Assignment: Go through the listing below and write out exactly the lines from the one that mentions "1981 Topps #301 Ken Burrough 4 - VG/EX" through the one that mentions "4 月 9 日,演员吴彦祖在社交媒体晒出一张公厕标语", minus the pictures.

Supplied data:
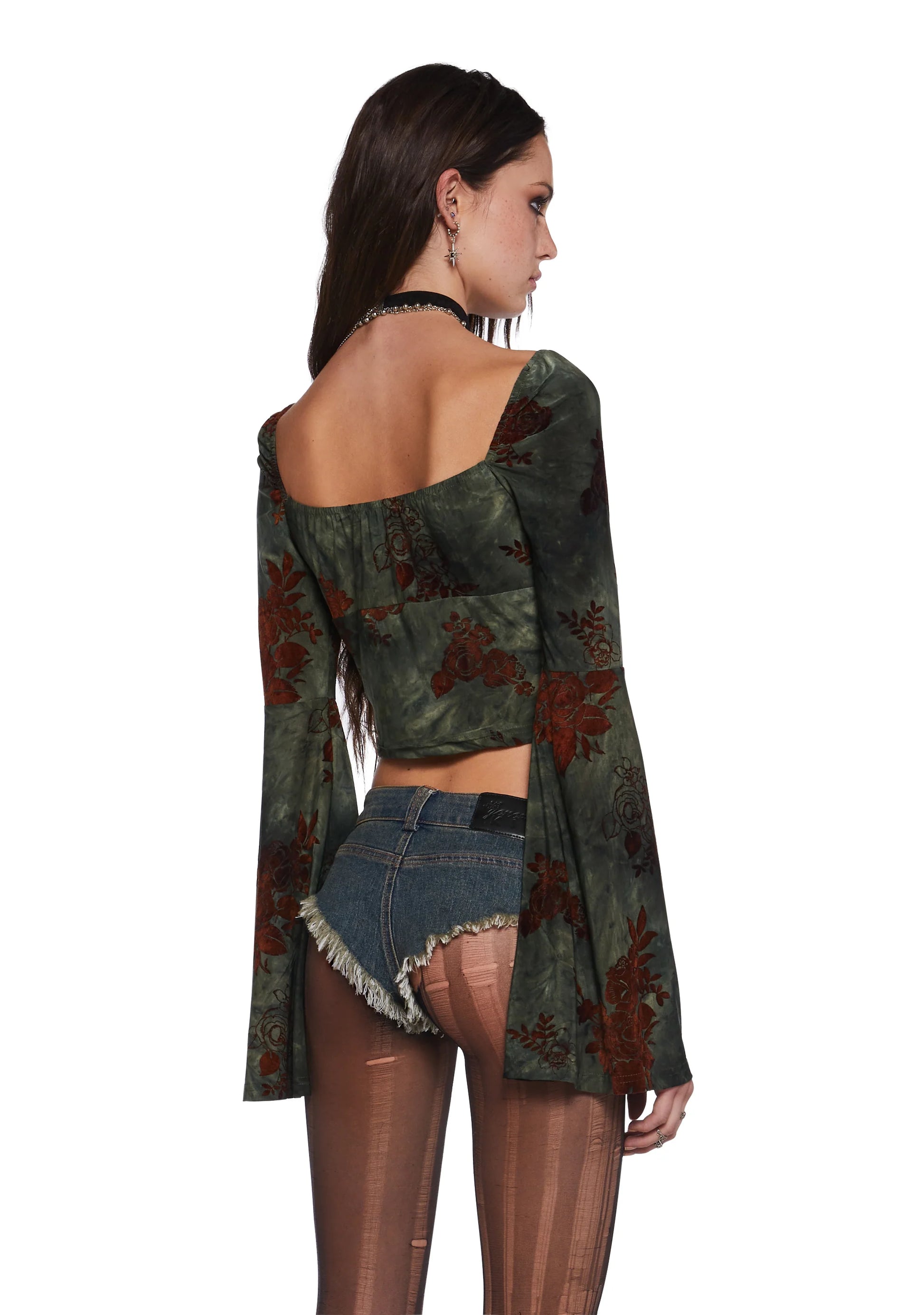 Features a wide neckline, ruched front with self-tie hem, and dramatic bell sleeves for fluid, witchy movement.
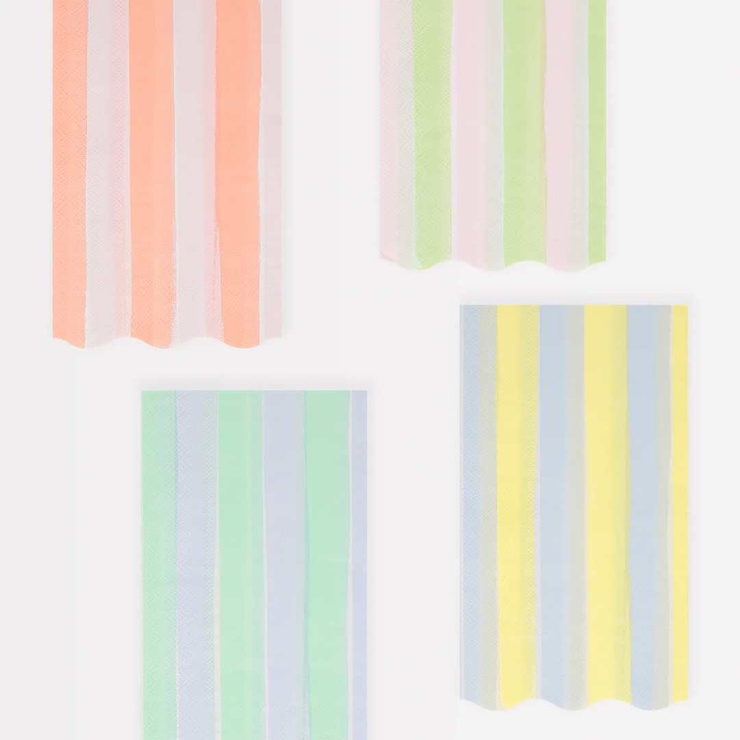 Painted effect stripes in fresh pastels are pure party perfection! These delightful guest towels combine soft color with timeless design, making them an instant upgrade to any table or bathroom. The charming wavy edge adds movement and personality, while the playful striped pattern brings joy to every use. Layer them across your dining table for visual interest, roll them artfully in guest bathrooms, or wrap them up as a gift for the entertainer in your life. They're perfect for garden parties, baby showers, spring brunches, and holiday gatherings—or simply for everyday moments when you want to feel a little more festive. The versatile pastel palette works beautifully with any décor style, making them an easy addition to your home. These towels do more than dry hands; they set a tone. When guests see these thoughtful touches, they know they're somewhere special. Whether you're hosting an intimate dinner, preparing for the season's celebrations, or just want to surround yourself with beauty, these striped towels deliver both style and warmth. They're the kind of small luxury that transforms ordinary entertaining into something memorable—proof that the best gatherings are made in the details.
--
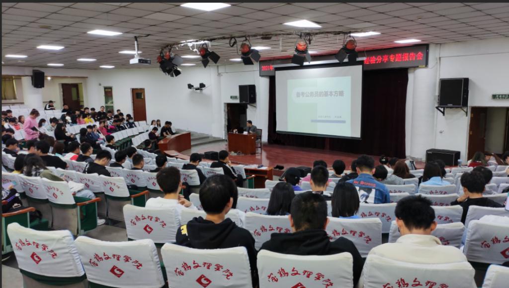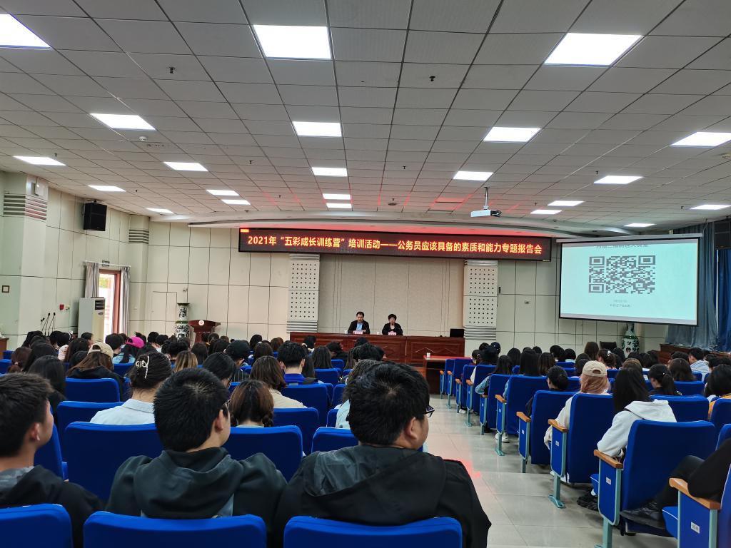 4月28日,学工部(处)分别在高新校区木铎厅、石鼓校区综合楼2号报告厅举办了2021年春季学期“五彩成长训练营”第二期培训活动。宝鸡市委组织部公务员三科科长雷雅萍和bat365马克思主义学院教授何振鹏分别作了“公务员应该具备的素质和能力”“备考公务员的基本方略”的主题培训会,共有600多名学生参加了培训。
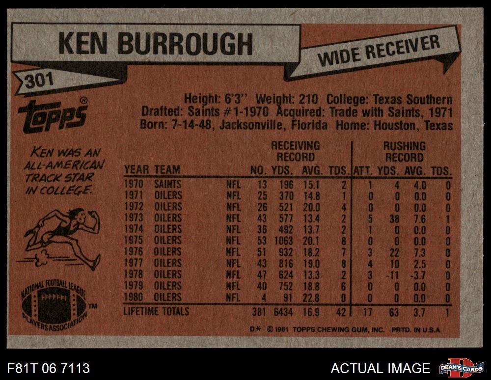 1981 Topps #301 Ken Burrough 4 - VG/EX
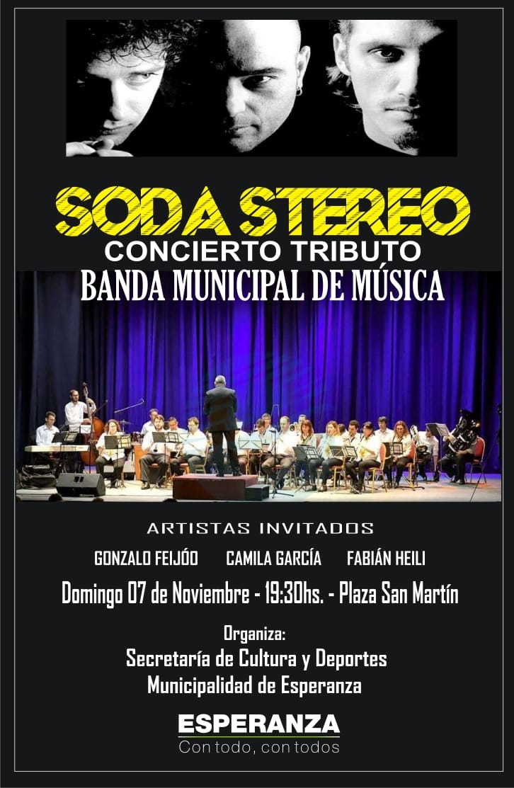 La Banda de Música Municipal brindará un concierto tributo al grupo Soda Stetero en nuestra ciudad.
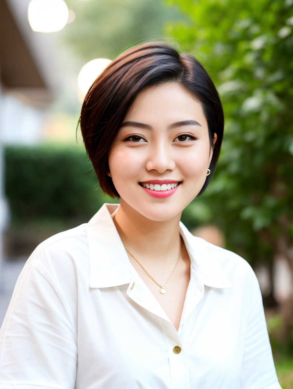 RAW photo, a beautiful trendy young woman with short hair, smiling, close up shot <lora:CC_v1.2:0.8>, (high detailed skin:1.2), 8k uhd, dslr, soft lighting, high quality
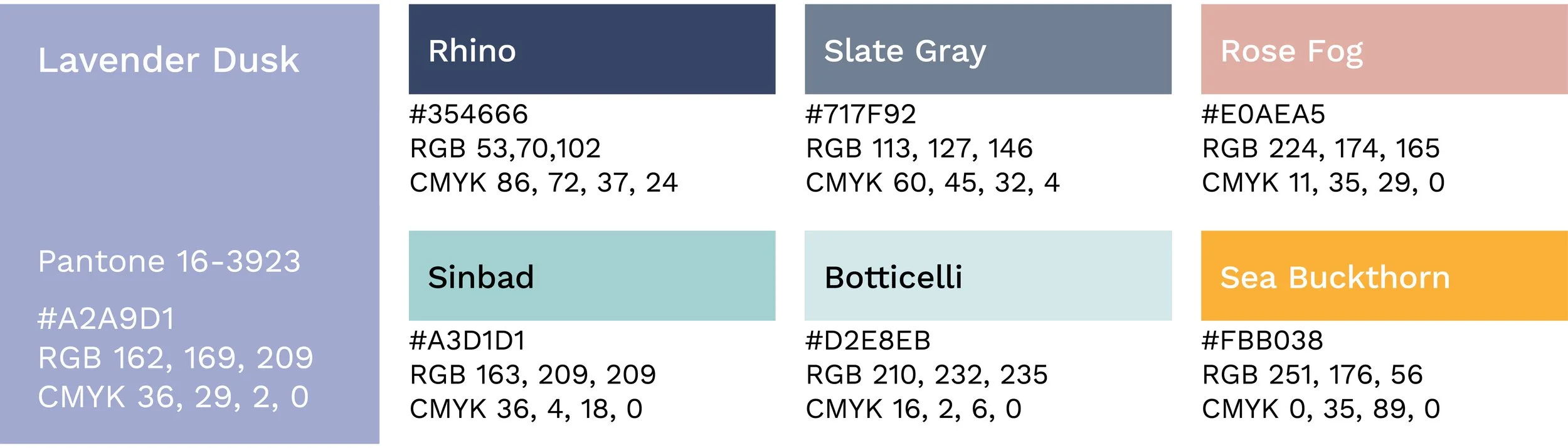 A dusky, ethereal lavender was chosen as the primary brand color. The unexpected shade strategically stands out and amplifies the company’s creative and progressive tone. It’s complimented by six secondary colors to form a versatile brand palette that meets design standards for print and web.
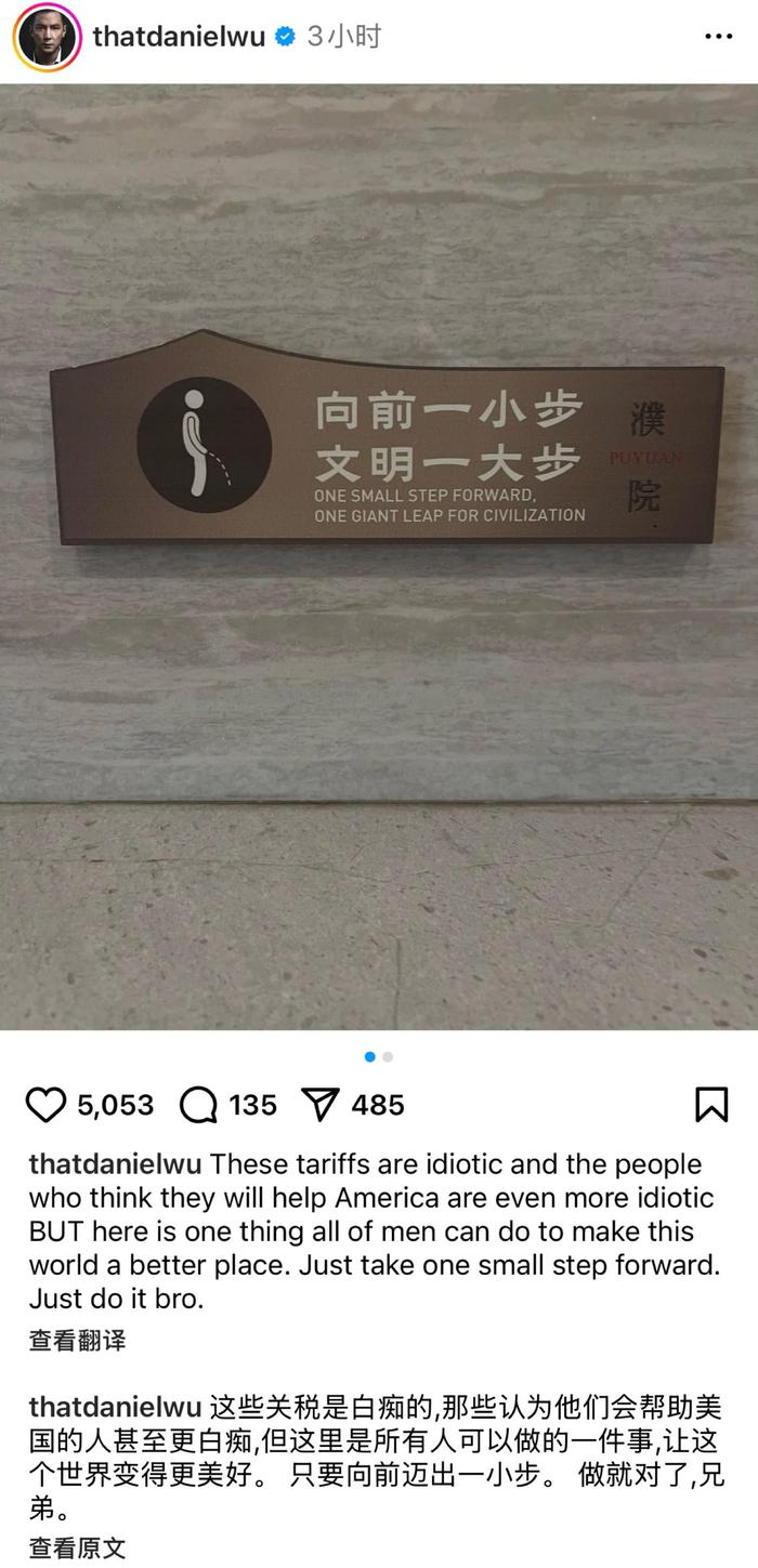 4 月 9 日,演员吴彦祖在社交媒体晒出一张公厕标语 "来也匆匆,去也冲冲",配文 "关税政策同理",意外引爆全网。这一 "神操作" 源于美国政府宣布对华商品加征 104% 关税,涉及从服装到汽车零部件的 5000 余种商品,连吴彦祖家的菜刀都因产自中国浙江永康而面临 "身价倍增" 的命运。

Response:
 1981 Topps #301 Ken Burrough 4 - VG/EX
 La Banda de Música Municipal brindará un concierto tributo al grupo Soda Stetero en nuestra ciudad.
 RAW photo, a beautiful trendy young woman with short hair, smiling, close up shot <lora:CC_v1.2:0.8>, (high detailed skin:1.2), 8k uhd, dslr, soft lighting, high quality
 A dusky, ethereal lavender was chosen as the primary brand color. The unexpected shade strategically stands out and amplifies the company’s creative and progressive tone. It’s complimented by six secondary colors to form a versatile brand palette that meets design standards for print and web.
 4 月 9 日,演员吴彦祖在社交媒体晒出一张公厕标语 "来也匆匆,去也冲冲",配文 "关税政策同理",意外引爆全网。这一 "神操作" 源于美国政府宣布对华商品加征 104% 关税,涉及从服装到汽车零部件的 5000 余种商品,连吴彦祖家的菜刀都因产自中国浙江永康而面临 "身价倍增" 的命运。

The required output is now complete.